今後、顧客満足度を向上させ、かつ、収益改善を図るために、既存サービスの改善、新規サービスの開発、システムの追加開発を行うとともに、安定的なサービスの提供を継続するためにシステムインフラの増強を図る必要があると考えております。具体的には、株式会社ビットポイントジャパン(以下「BPJ」という)の顧客基盤の拡大を目的とした、取引システムのUI(ユーザー・インターフェース) /UX(ユーザー・エクスペリエンス)向上のためのシステム改修、暗号資産(仮想通貨)取引初心者にもわかりやすく使いやすくするための画面・操作性の改善、取引アプリ「BITPoint LITE」のリニューアルなどがあげられます。

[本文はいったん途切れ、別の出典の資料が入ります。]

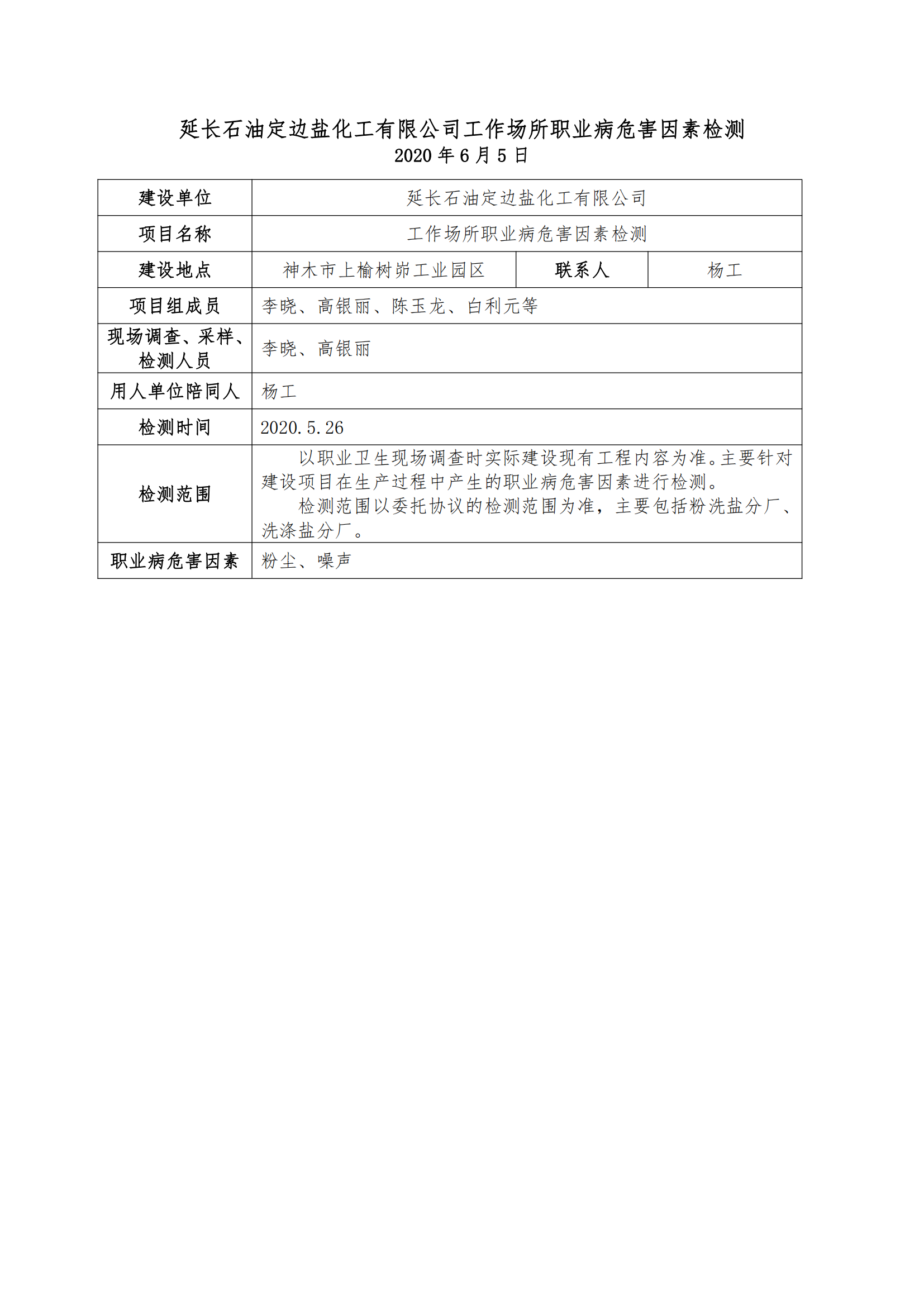延長石油定邊鹽化工有限公司工作場所職業(yè)病危害因素檢測

BPJは、引き続き法令上及び事業遂行上必要とされるリスク管理態勢及びコンプライアンス態勢の拡充を図りつつ、これまで以上に安定した収益を確保できるように努めてまいります。

 

 

③ 旅行関連事業における課題

引き続き投資用ホテルの企画・開発・販売・運営事業を推進してまいります。2021年3月期においては東京都神楽坂でのプロジェクトの竣工及び売却に向け注力してまいりますが、新型コロナウイルス感染症のさらなる拡大やその影響が長期化した場合には、収益モデルの転換も視野に入れ、投資回収を進めてまいります。

 

④ 経営環境の変化への機動的な対応、これによる事業機会及び収益の追求

将来にわたる持続的な成長を実現するため、事業規模及び収益の拡大を戦略的に推進する必要があります。当社グループは、市場のニーズやウォンツを的確にとらえ社会・時代の変化に機動的に対応し、既存事業の強化、派生ビジネスへの取り組み、新しい発想・視点による新規の事業機会の創出をたえず行います。さらに、事業ポートフォリオを定期的に見直し、収益力及び効率性の向上を推進し、中長期的な成長基盤の確立を図ってまいります。

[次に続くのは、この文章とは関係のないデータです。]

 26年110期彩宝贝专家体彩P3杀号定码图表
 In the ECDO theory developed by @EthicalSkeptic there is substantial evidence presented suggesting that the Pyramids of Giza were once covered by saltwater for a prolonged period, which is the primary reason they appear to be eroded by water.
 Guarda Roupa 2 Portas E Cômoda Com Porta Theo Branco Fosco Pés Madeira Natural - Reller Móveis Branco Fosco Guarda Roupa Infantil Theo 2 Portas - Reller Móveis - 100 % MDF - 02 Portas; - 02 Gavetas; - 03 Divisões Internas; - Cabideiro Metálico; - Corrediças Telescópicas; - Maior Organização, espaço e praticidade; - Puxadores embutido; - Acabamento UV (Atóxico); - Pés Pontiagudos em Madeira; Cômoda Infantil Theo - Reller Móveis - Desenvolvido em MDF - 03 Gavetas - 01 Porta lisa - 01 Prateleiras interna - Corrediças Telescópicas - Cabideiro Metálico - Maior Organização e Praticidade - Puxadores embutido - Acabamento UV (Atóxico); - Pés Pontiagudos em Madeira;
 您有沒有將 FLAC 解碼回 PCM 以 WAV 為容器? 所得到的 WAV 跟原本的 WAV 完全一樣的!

また、成長を加速するために、海外を含めた他の企業グループとの連携や戦略的な投資を推進してまいります。

 

⑤ 内部管理体制の拡充ならびにコンプライアンス及びリスクマネジメントの強化

当社グループは、社会的責任を果たし、持続的な成長と企業価値向上を図るために、実効的なコーポレート・ガバナンスを実現することを目的として2017年12月に策定した「コーポレート・ガバナンス基本方針」(2018年12月一部改訂)において、コンプライアンスの徹底及びリスクマネジメントへの積極的な取組みを行う姿勢を明確にいたしました。

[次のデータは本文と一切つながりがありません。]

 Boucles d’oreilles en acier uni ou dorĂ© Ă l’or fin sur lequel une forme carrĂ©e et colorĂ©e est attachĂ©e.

引き続きグループ全体において、継続的な啓蒙活動及び教育研修を実施し、一人ひとりが高い倫理観を醸成し、良識と責任のある行動をとることのできる企業風土を形成してまいります。

 

⑥ 優秀な人財の確保・育成

当社グループは、中長期的な経営戦略の遂行及び対処すべき課題への取組みに際して、環境の変化に円滑に対応し社会的な“新しい価値”を創出することのできる優秀な人財の確保・育成が必須であると考えております。意欲のある経験値の高い人財を確保するとともに、持続的な成長を支える人財の育成、個々のパフォーマンスの最大化のため、就業環境の整備・改善に注力してまいります。